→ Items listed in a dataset
"""

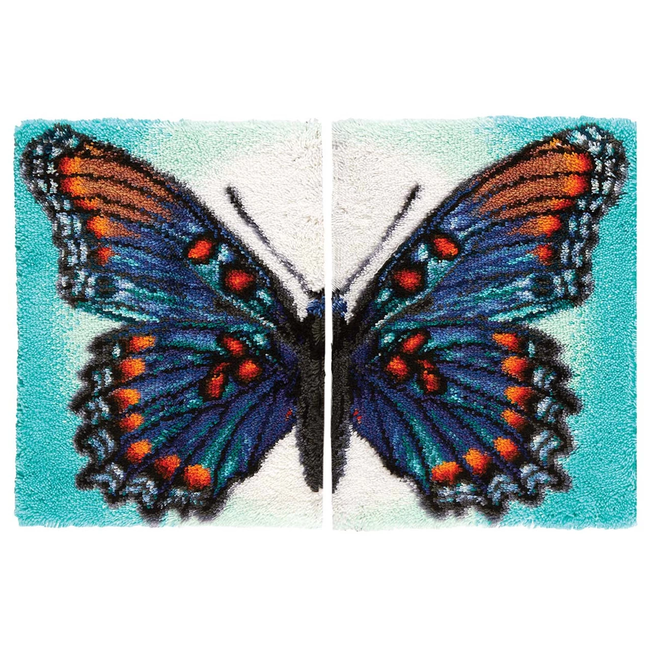 This diptych-style latch hook design is two projects in one! This special design features a striking butterfly with geometric patterns in rich blue with fiery orange accents. The design is made up of two 24 x 30″ (61 x 76cm) sections, which can be displayed separately or hung together to create one large 48 x 30″ (122 x 76cm) showpiece. Kit includes 3.75-mesh gridded canvas, lofty pre-cut 100% acrylic yarn, clear vinyl storage bag, easy-to-follow chart, and instructions. Latch hook tool, rug binding, and non-slip backing not included. The higher-gauge canvas of this project allows for a high level of detail in the finished design. Imported.
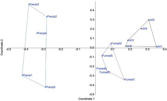 The results, shown in Figure 2, indicated that precipitated silica had an overall greater effect on macrophages than fumed silica. The first two axes accounted for 35 and 10% of the variance, respectively.
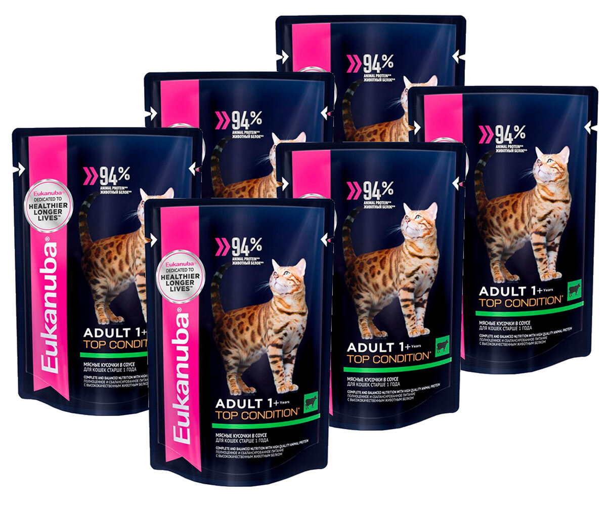 Влажный корм для кошек Eukanuba Top Condition, для здоровья кожи и блеска шерсти, с говядиной, 6 шт. х 85 г (кусочки в соусе)
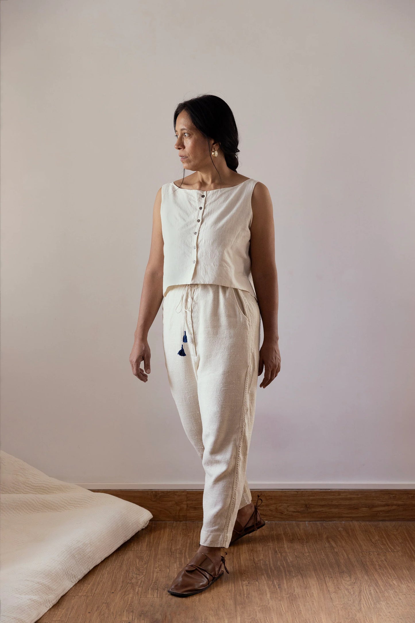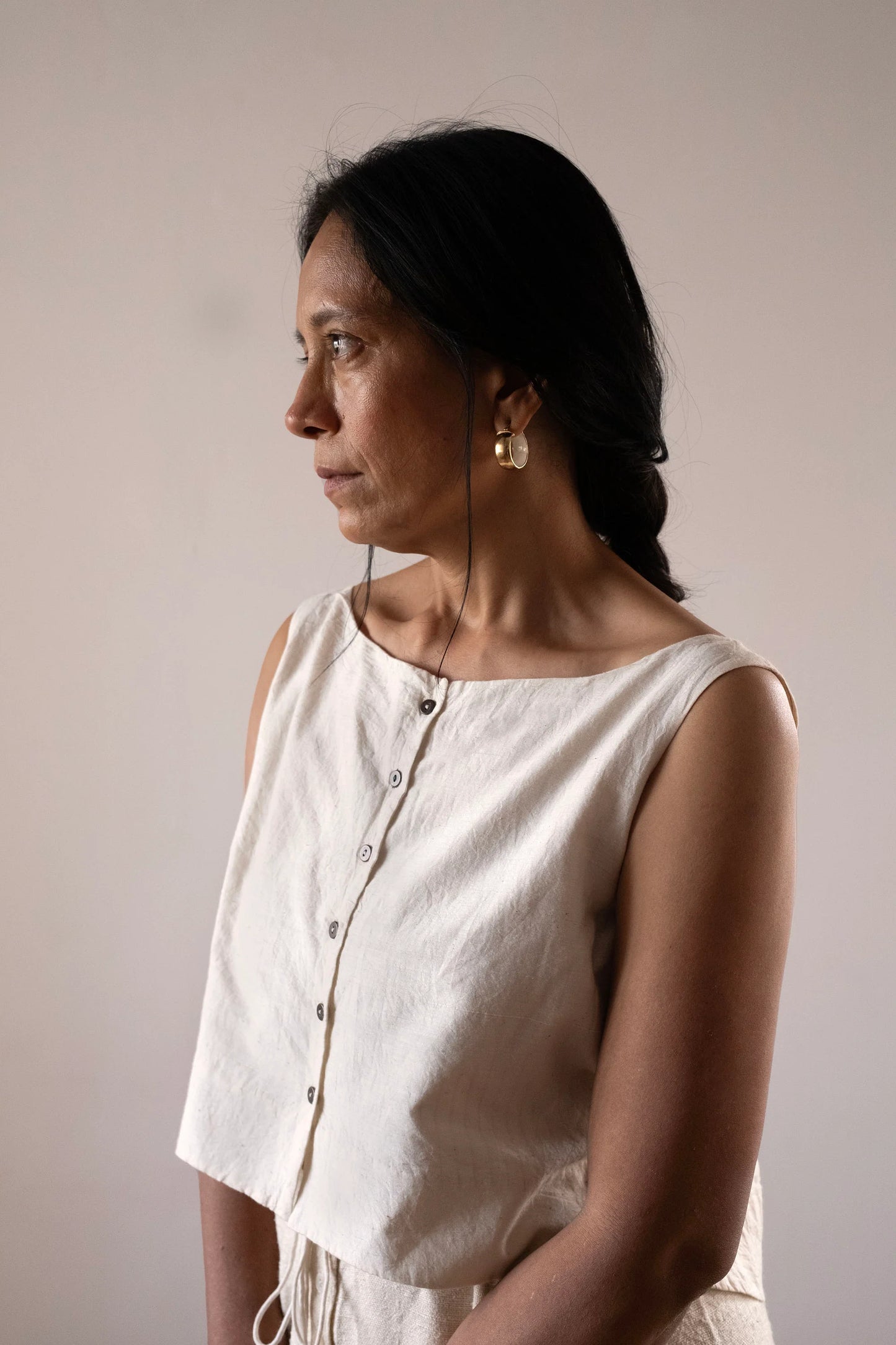 Expertly designed for comfort and style, the Aakado Sleeveless Top features a double layer design and an asymmetrical hem. The front buttons add a touch of sophistication, making it a versatile piece for any wardrobe. Enjoy the sleek, modern look while staying cool and comfortable.
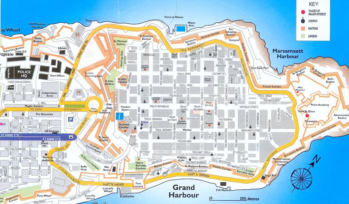 Główną ulicą miasta jest Triq ir-Repubblika, pełna sklepów i restauracji, na której zamknięty jest ruch kołowy. Ulica rozciąga się od Bramy Miasta (City Gate, obecnie remontowanej) do fortu św. Elma (Fort St Elmo), obok którego znajduje się Muzeum II wojny światowej (wejście dla osoby dorosłej – 6 euro).
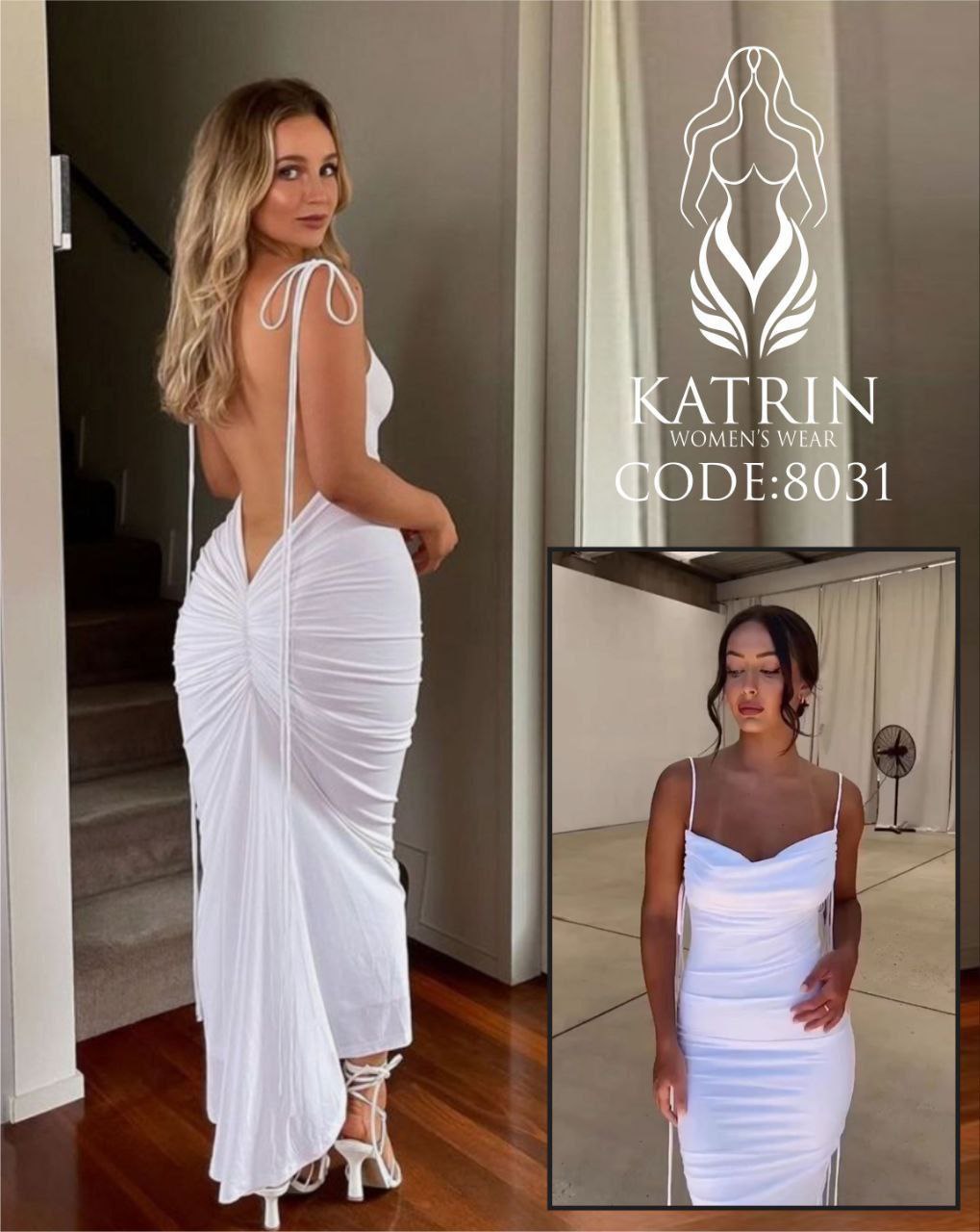 پیراهن زنانه ماکسی دنباله دار فلامنت پشتچین کد 8031
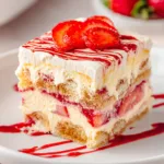 For a kid-friendly twist, use vanilla-flavored milk instead of strawberry syrup. You can also turn this into individual cups for parties or picnics, making it a portable no-bake strawberry tiramisu that looks just as impressive.
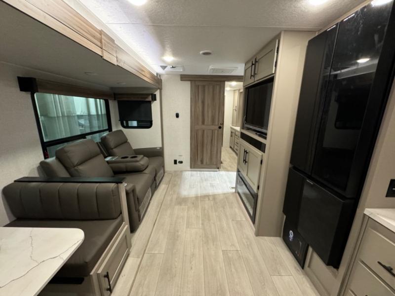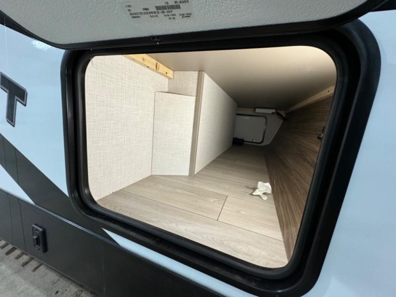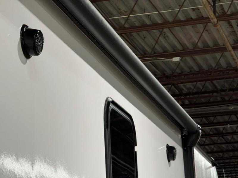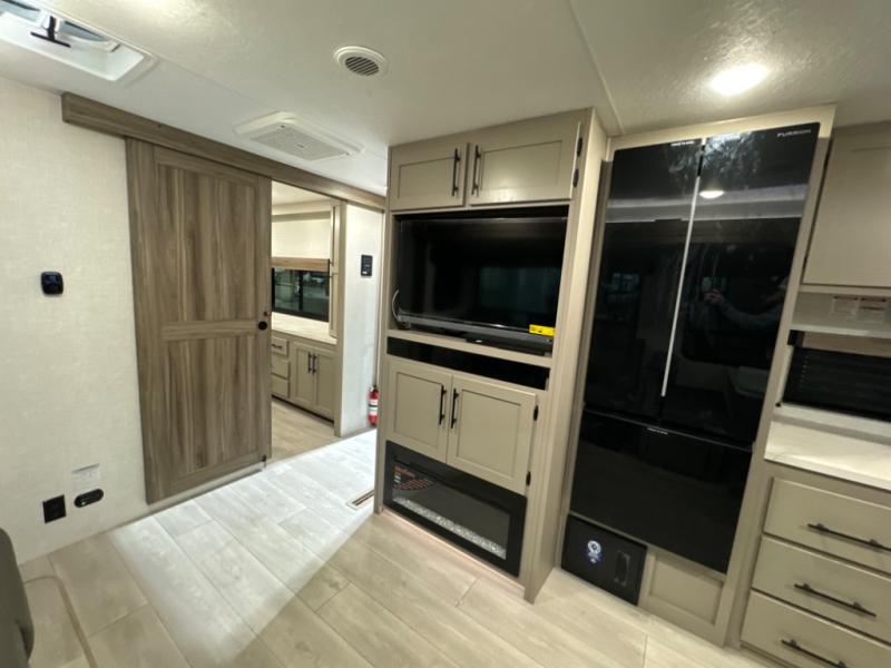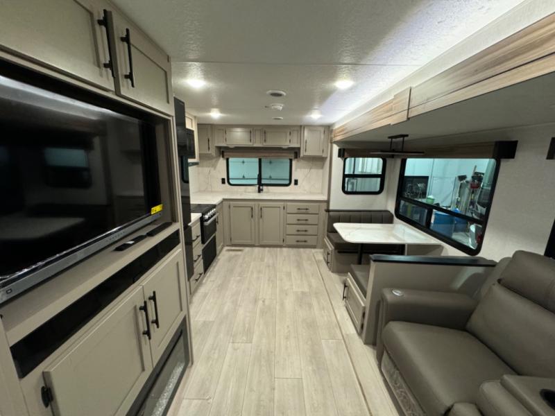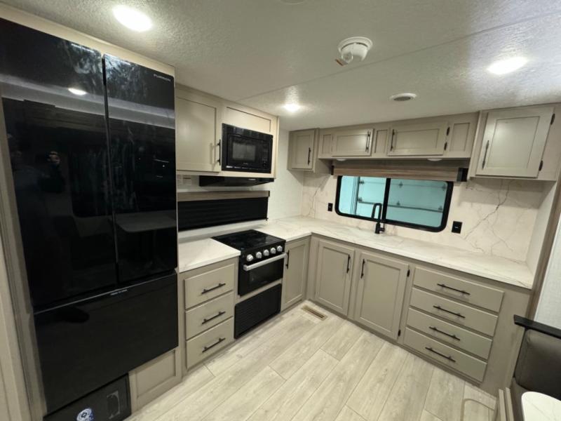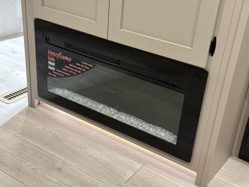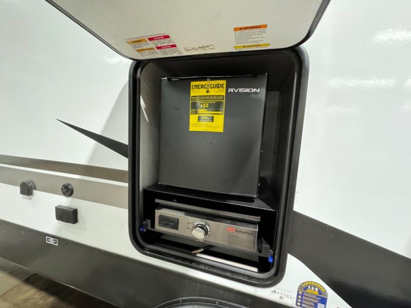 Pack your bags and head to the lake in this cozy RV for five. Once you unload your gear from the pass-through storage, prepare a quick lunch on the mini outside kitchen with a griddle and relax under the patio awning. If the weather is raining on your parade, just head indoors to cook on the three burner cooktop, and you'll find ample counter space in this rear kitchen to set out drinks and sides. Your crew can relax on the hide-a-bed sofa and booth dinette within the large slide out, and there is an LED TV and a 34" fireplace for a more at-home atmosphere. One of your favorite features of this trailer will probably be the master suite with a king bed slide out, a dresser and an entertainment center, plus easy access to the front full bath. Here, you'll find dual bath sinks, a spacious shower, plus a walk-in closet with a closet rod to keep your outfits wrinkle free. There is even a wardrobe in the bedroom with washer and dryer prep so you can keep all those clothes fresh and clean!

"""

The records need to be restated word for word, minus any images.

 This diptych-style latch hook design is two projects in one! This special design features a striking butterfly with geometric patterns in rich blue with fiery orange accents. The design is made up of two 24 x 30″ (61 x 76cm) sections, which can be displayed separately or hung together to create one large 48 x 30″ (122 x 76cm) showpiece. Kit includes 3.75-mesh gridded canvas, lofty pre-cut 100% acrylic yarn, clear vinyl storage bag, easy-to-follow chart, and instructions. Latch hook tool, rug binding, and non-slip backing not included. The higher-gauge canvas of this project allows for a high level of detail in the finished design. Imported.
 The results, shown in Figure 2, indicated that precipitated silica had an overall greater effect on macrophages than fumed silica. The first two axes accounted for 35 and 10% of the variance, respectively.
 Влажный корм для кошек Eukanuba Top Condition, для здоровья кожи и блеска шерсти, с говядиной, 6 шт. х 85 г (кусочки в соусе)
 Expertly designed for comfort and style, the Aakado Sleeveless Top features a double layer design and an asymmetrical hem. The front buttons add a touch of sophistication, making it a versatile piece for any wardrobe. Enjoy the sleek, modern look while staying cool and comfortable.
 Główną ulicą miasta jest Triq ir-Repubblika, pełna sklepów i restauracji, na której zamknięty jest ruch kołowy. Ulica rozciąga się od Bramy Miasta (City Gate, obecnie remontowanej) do fortu św. Elma (Fort St Elmo), obok którego znajduje się Muzeum II wojny światowej (wejście dla osoby dorosłej – 6 euro).
 پیراهن زنانه ماکسی دنباله دار فلامنت پشتچین کد 8031
 For a kid-friendly twist, use vanilla-flavored milk instead of strawberry syrup. You can also turn this into individual cups for parties or picnics, making it a portable no-bake strawberry tiramisu that looks just as impressive.
 Pack your bags and head to the lake in this cozy RV for five. Once you unload your gear from the pass-through storage, prepare a quick lunch on the mini outside kitchen with a griddle and relax under the patio awning. If the weather is raining on your parade, just head indoors to cook on the three burner cooktop, and you'll find ample counter space in this rear kitchen to set out drinks and sides. Your crew can relax on the hide-a-bed sofa and booth dinette within the large slide out, and there is an LED TV and a 34" fireplace for a more at-home atmosphere. One of your favorite features of this trailer will probably be the master suite with a king bed slide out, a dresser and an entertainment center, plus easy access to the front full bath. Here, you'll find dual bath sinks, a spacious shower, plus a walk-in closet with a closet rod to keep your outfits wrinkle free. There is even a wardrobe in the bedroom with washer and dryer prep so you can keep all those clothes fresh and clean!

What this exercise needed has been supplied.